# Exercise brief
Print the listing below only from the line that has "Construction of the Octagon" through the line that has "10. Install the", exactly, and drop any picture.

# Data for processing
• • •
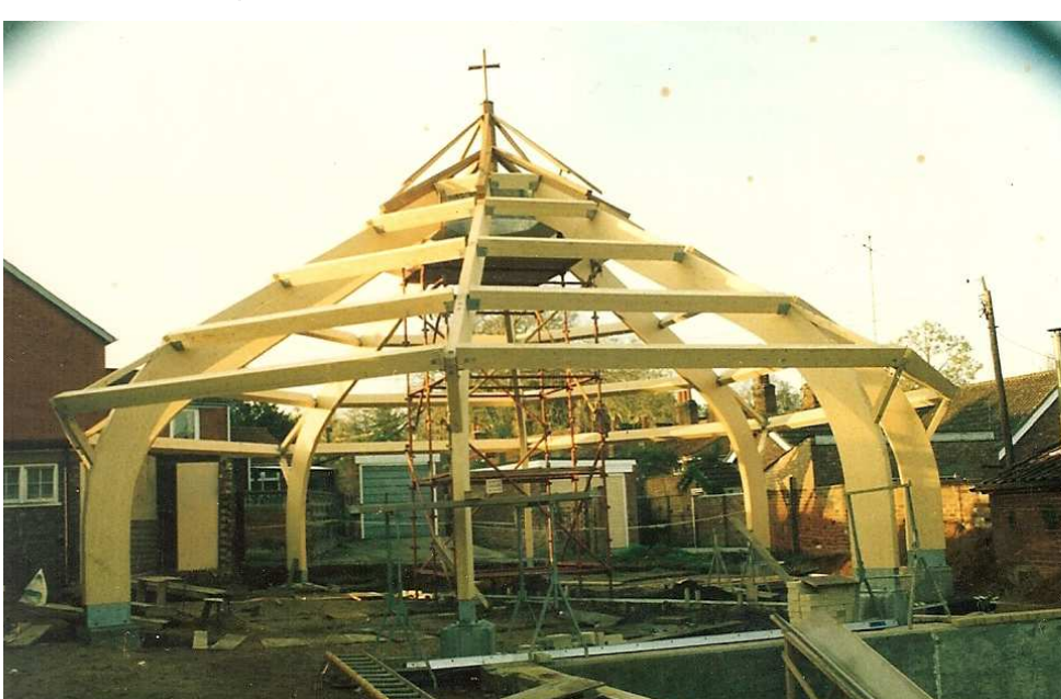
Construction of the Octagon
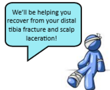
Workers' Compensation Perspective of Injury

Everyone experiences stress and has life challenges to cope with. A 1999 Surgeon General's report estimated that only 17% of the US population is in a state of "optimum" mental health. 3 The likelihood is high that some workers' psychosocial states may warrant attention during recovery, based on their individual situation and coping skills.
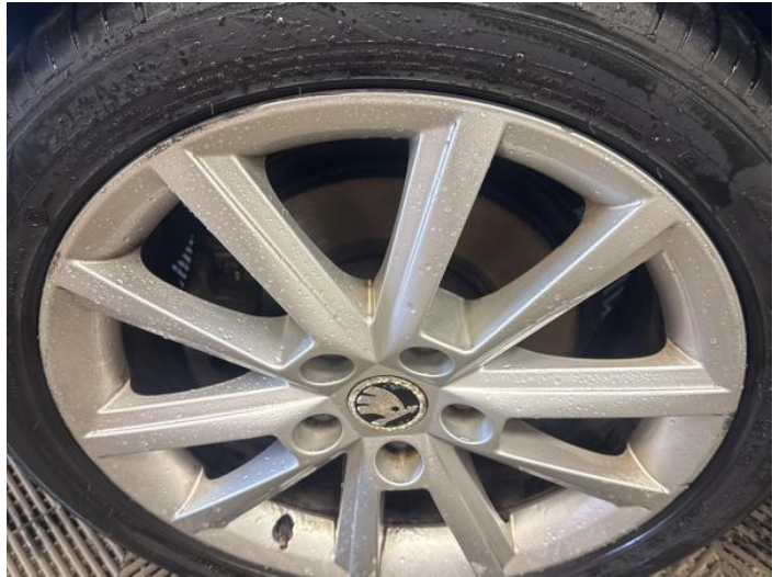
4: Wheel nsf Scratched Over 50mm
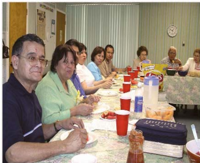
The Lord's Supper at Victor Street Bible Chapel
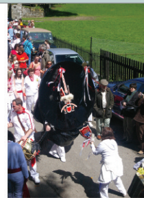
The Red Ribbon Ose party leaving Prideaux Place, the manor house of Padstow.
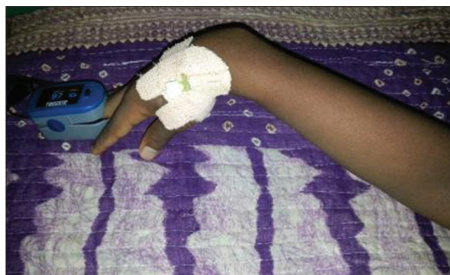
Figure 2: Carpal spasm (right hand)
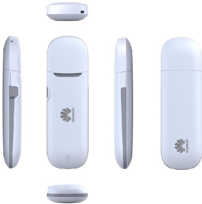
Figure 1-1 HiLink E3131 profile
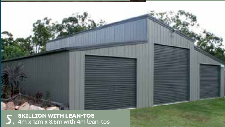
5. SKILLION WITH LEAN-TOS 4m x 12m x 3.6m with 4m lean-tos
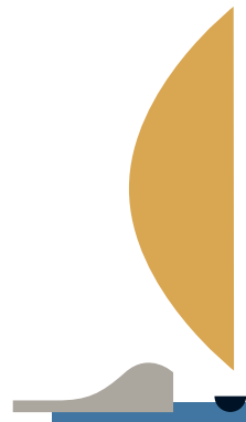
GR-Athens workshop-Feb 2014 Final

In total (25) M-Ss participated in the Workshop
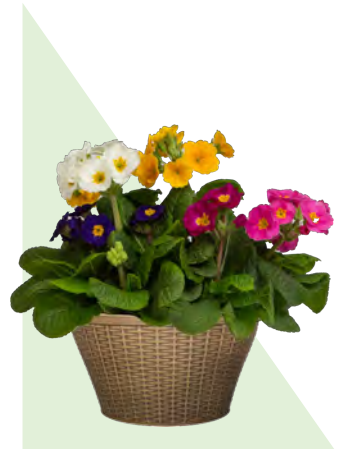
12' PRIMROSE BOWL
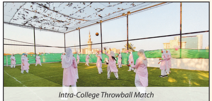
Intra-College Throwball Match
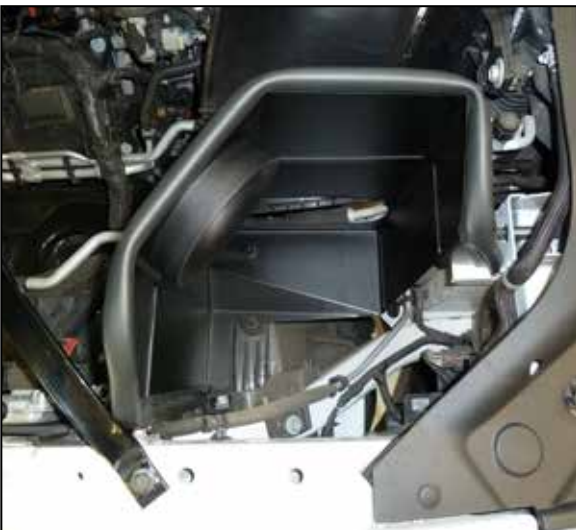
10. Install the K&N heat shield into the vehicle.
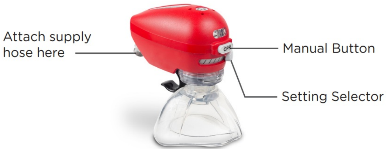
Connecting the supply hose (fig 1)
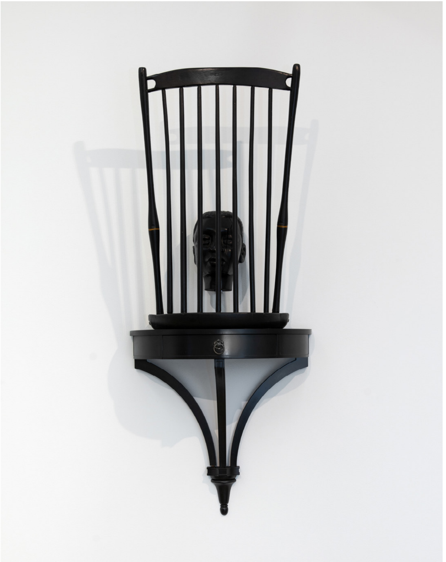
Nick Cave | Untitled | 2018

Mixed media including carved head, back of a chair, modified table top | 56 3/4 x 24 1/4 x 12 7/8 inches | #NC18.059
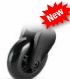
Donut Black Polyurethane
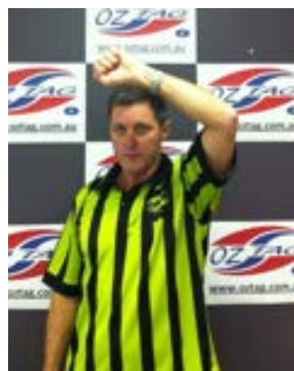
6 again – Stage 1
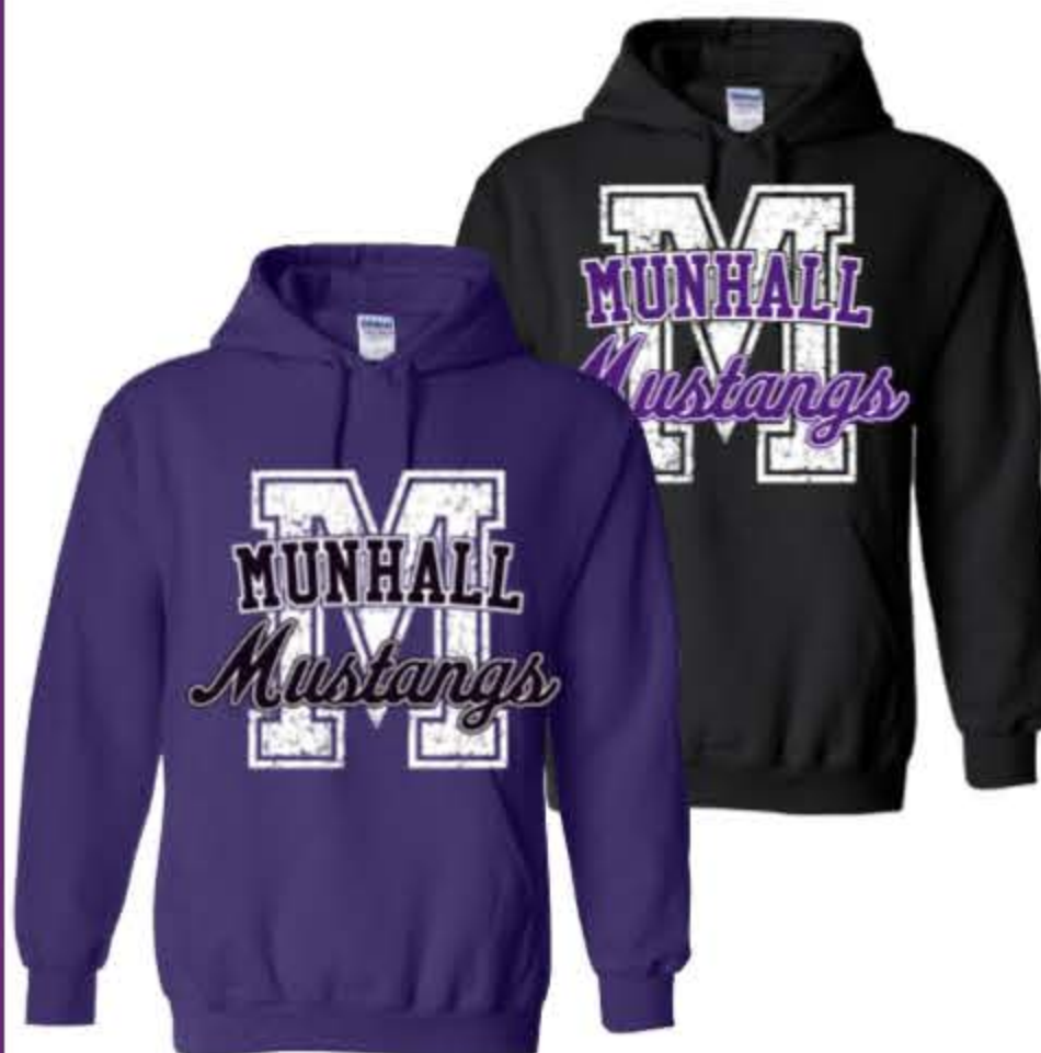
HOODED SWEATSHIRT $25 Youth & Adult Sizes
• • •
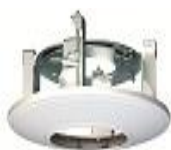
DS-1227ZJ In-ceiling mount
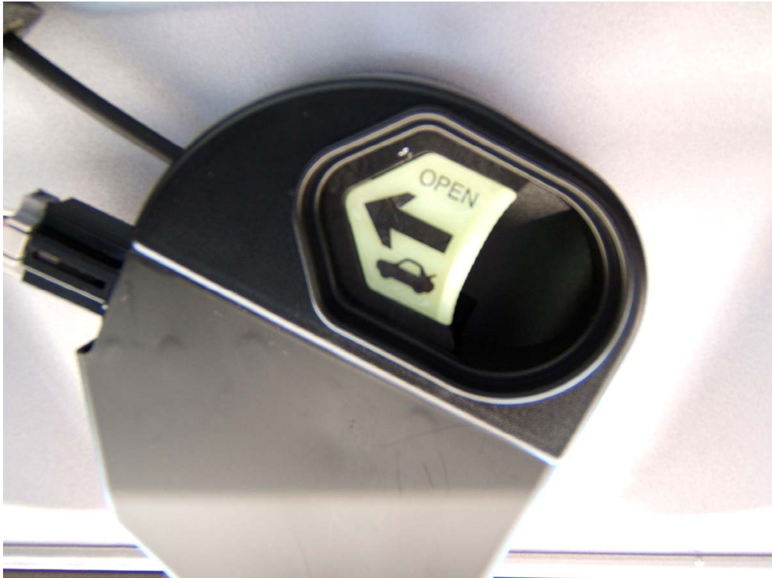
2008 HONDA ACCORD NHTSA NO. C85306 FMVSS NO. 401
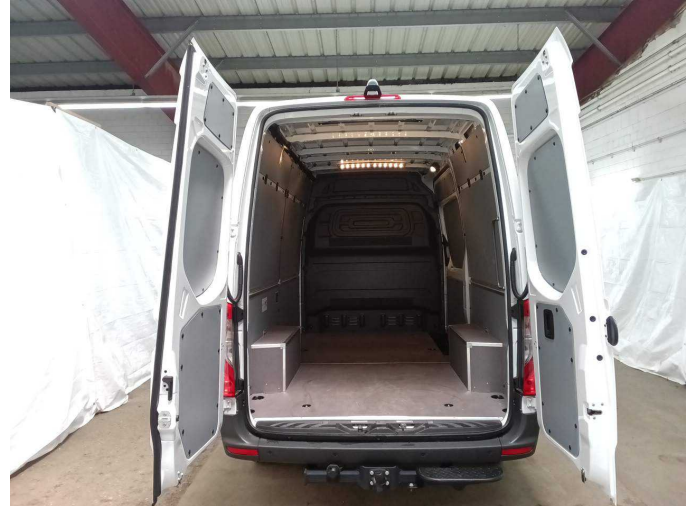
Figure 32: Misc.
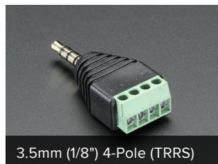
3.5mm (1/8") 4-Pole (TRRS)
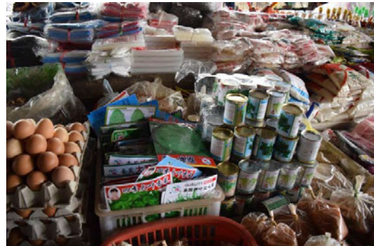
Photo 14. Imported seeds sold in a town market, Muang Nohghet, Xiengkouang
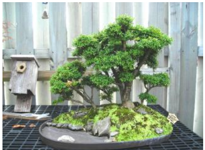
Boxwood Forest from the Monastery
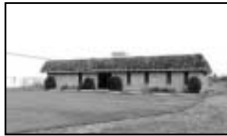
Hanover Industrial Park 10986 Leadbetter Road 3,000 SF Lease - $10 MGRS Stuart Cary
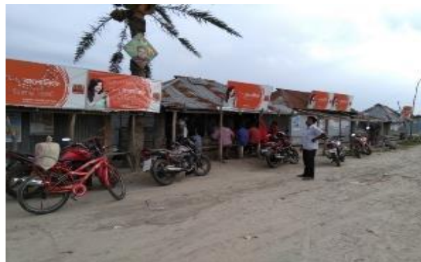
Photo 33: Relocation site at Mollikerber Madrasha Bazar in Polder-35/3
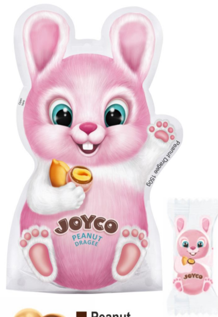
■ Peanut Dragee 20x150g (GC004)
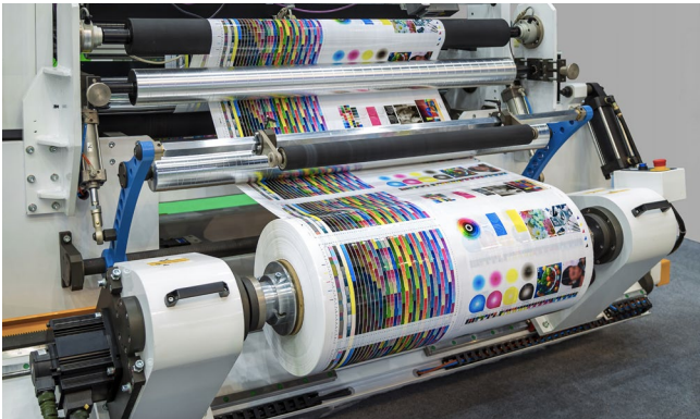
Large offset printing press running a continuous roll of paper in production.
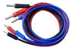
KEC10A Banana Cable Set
• • •
# Result of the exercise
Construction of the Octagon
Workers' Compensation Perspective of Injury

Everyone experiences stress and has life challenges to cope with. A 1999 Surgeon General's report estimated that only 17% of the US population is in a state of "optimum" mental health. 3 The likelihood is high that some workers' psychosocial states may warrant attention during recovery, based on their individual situation and coping skills.
4: Wheel nsf Scratched Over 50mm
The Lord's Supper at Victor Street Bible Chapel
The Red Ribbon Ose party leaving Prideaux Place, the manor house of Padstow.
Figure 2: Carpal spasm (right hand)
Figure 1-1 HiLink E3131 profile
5. SKILLION WITH LEAN-TOS 4m x 12m x 3.6m with 4m lean-tos
GR-Athens workshop-Feb 2014 Final

In total (25) M-Ss participated in the Workshop
12' PRIMROSE BOWL
Intra-College Throwball Match
10. Install the K&N heat shield into the vehicle.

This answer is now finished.